Entries taken from a collection
#####

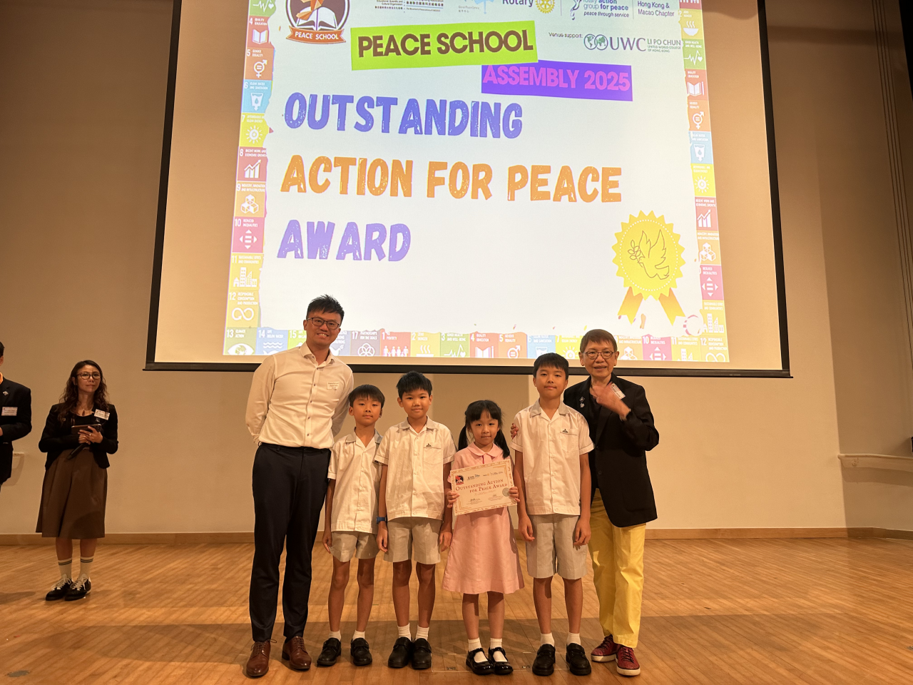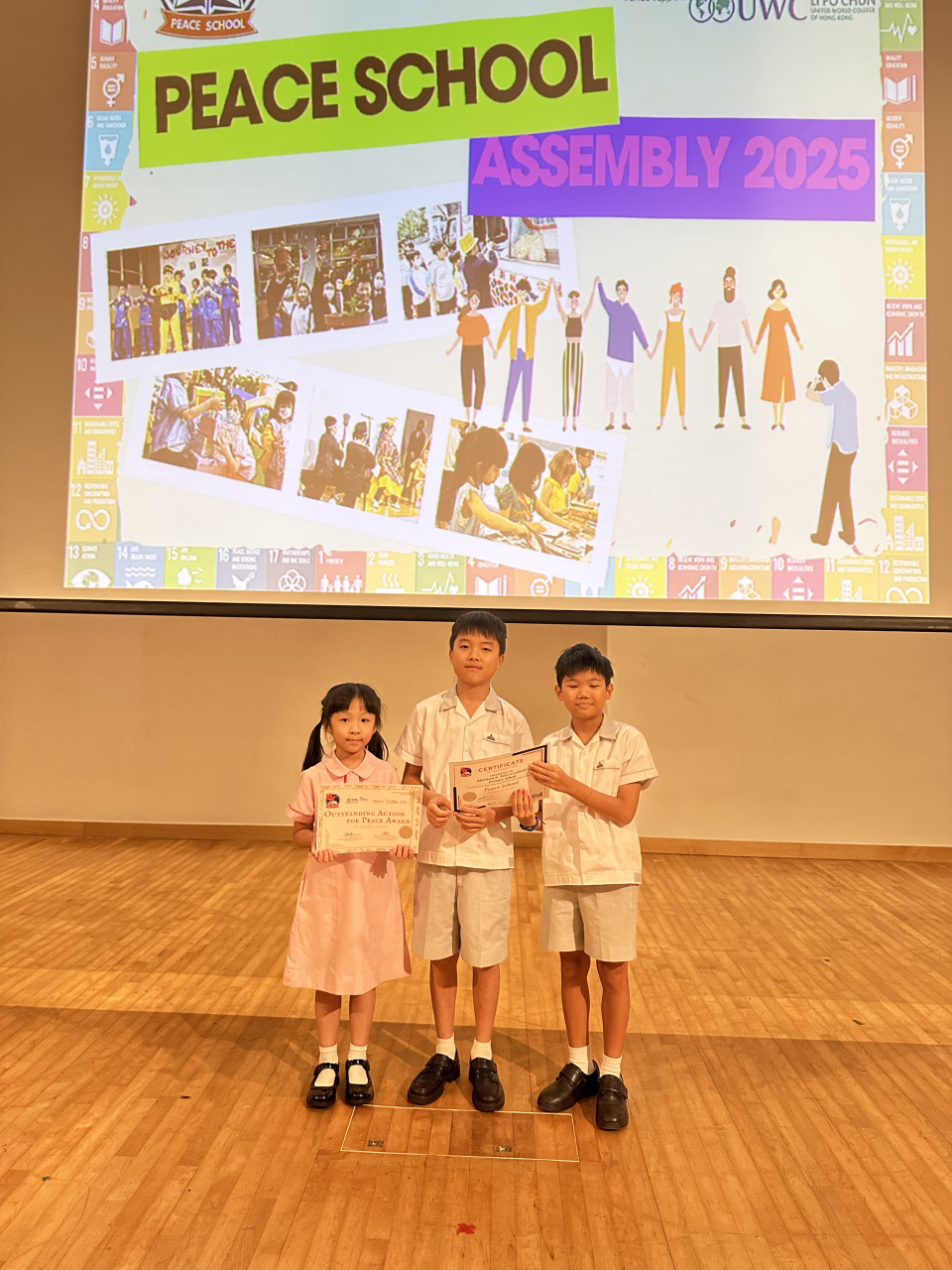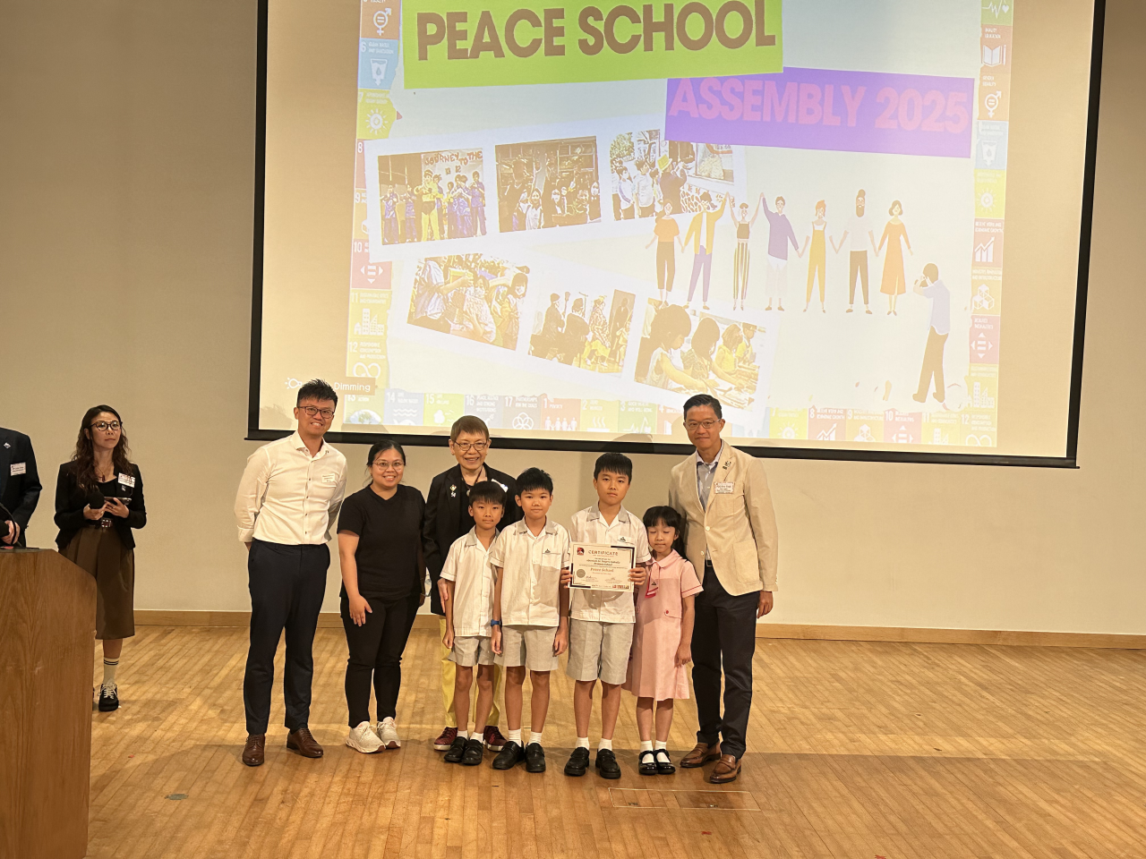 和平學校高峰會 和平學校高峰會上,本校載譽而歸!13/09/2025(六),已成功獲得和平學校計劃的認證,並且獲邀在峰會分享經驗。6A 胡淦泓、4E 譚泓晞、2C 王嘉莉三位同學的精彩分享,經公眾投票,為學校贏得「Outstanding Action For Peace Award」榮譽!
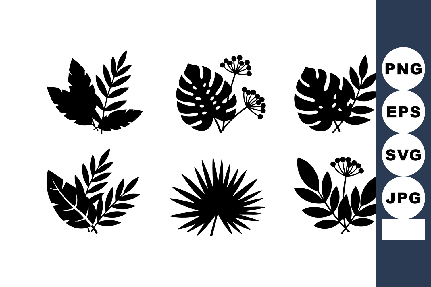 This image shows six black tropical leaves silhouettes including palms and monstera. The vector style emphasizes clean shapes and sharp edges, ideal for design projects. Minimalist and elegant.
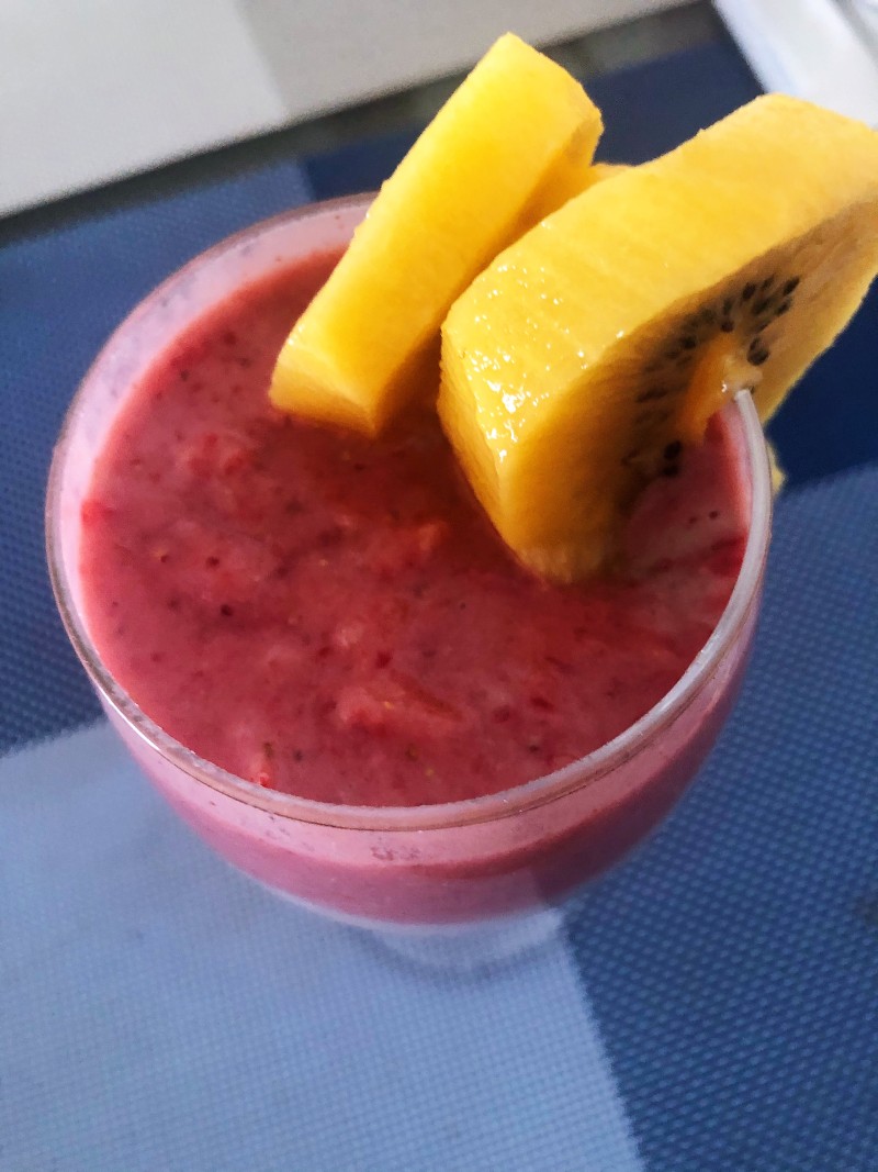 3:草莓去掉根部,放入破壁机打成草莓羹。
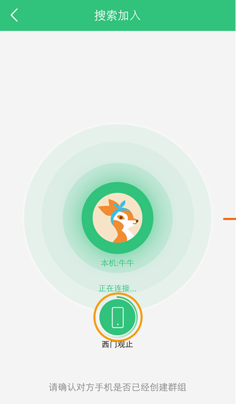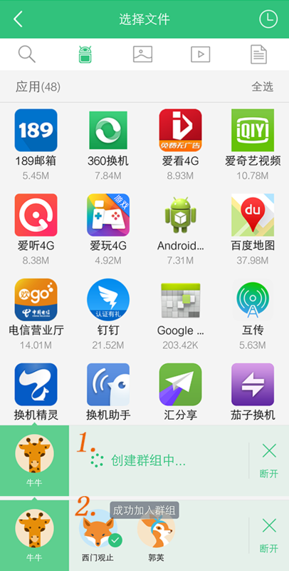 4、一方点击【我要发送】后,进入【选择文件】界面,界面下方自动创建群组,然后等待对方设备搜索成功后排列在下方。 第一个连接上的设备默认勾选的,方便向它文件,后面连接上的设备需手动勾选。
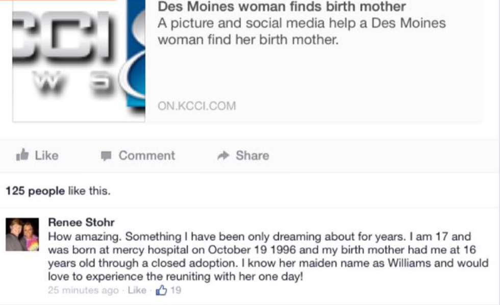 A friend of both sides of my unfound (at the time) family had recognized the facts I had listed in my comments, and proceeded to my profile, only to confirm I had to be the daughter of the friends she had known had given up for adoption in high school. Goosebumps fact: She screen shotted my comment and forwarded it on to my stepmom (who I did not know about at the time) at 11:11 p.m. Make a wish.. oh wait, my wish is about to be granted.
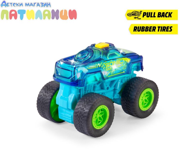 - Страхотно шоу с монстър камиони - С натискането на един бутон, 17-сантиметровата количка играчка "Sonic Smasher" се трансформира в подвижна сцена и изпълнява екшън спектакъл със светлинни и звукови ефекти.
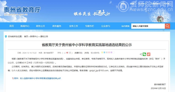 本网讯 12月17日,根据《省教育厅关于推荐省级中小学科学教育实践基地的函》,经基地自主申报、单位推荐、专家评审等环节,YABO鸭脖《YABO鸭脖官网中小学创新实践科学教育基地》入选贵州省中小学科学教育实践基地。
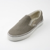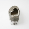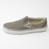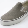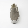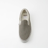 マハラム社の生地を使用したスリッポンです。ボディは数色の色糸を複雑に織り交ぜたランダムストライプ柄の生地を使い、パイピングやサイドの切り替えはシャンパンゴールド色のナイロンです。
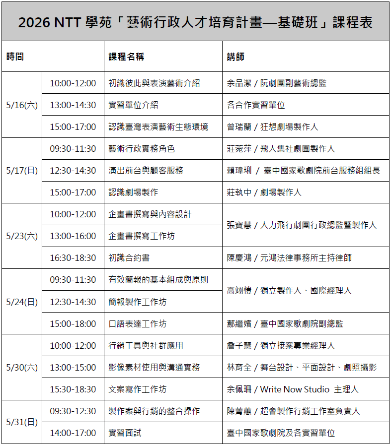 - 對象:年滿20歲,現職或未來有志從事表演藝術行政工作者。
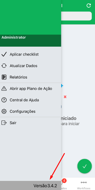 Para ver qué versión está utilizando, acceda a la aplicación Checklist Fácil en su dispositivo y abra el menú del lado izquierdo. Entonces la versión se puede encontrar en el pie de página:
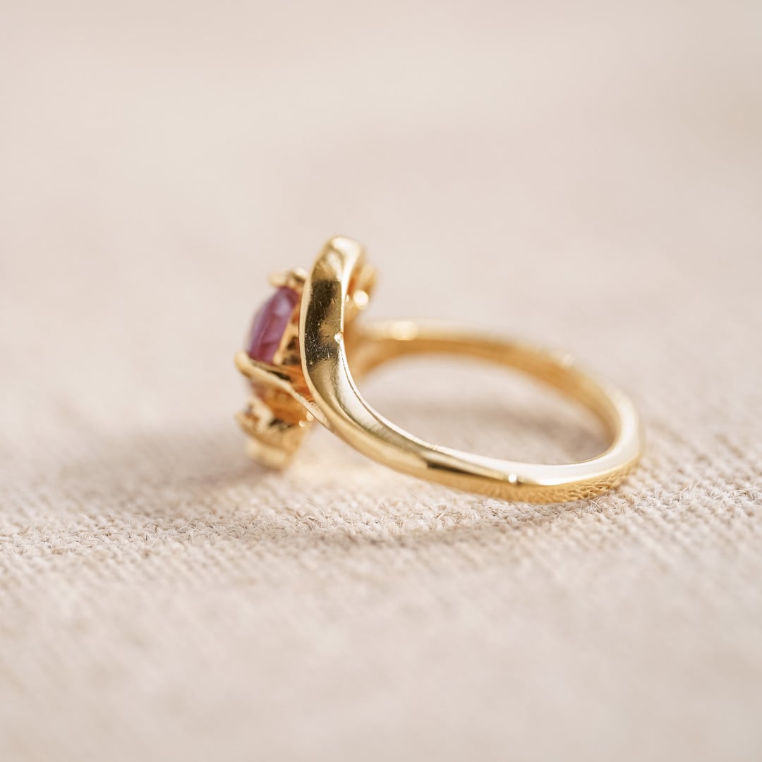淡いライラック色のストーンが、ほんのりと指先を照らすヴィンテージリング。
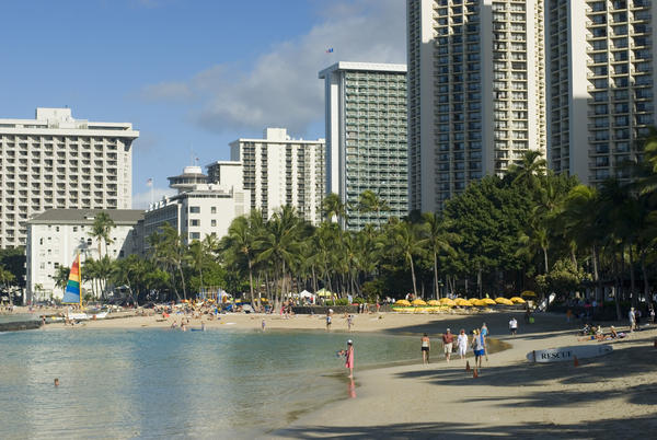 waikiki, waikki, honolulu, hawaii, ohau, island, holiday, beach, resort, tourist, travel, vacation, rest, sea, ocean, blue, sky, sun, recoperation

#####

Assigned task
The answer must consist solely of the lines from the first line of the records through the line containing "4、一方点击【我要发送】后,进入【选择文", reproduced exactly and without the pictures.

Output of the task
 和平學校高峰會 和平學校高峰會上,本校載譽而歸!13/09/2025(六),已成功獲得和平學校計劃的認證,並且獲邀在峰會分享經驗。6A 胡淦泓、4E 譚泓晞、2C 王嘉莉三位同學的精彩分享,經公眾投票,為學校贏得「Outstanding Action For Peace Award」榮譽!
 This image shows six black tropical leaves silhouettes including palms and monstera. The vector style emphasizes clean shapes and sharp edges, ideal for design projects. Minimalist and elegant.
 3:草莓去掉根部,放入破壁机打成草莓羹。
 4、一方点击【我要发送】后,进入【选择文件】界面,界面下方自动创建群组,然后等待对方设备搜索成功后排列在下方。 第一个连接上的设备默认勾选的,方便向它文件,后面连接上的设备需手动勾选。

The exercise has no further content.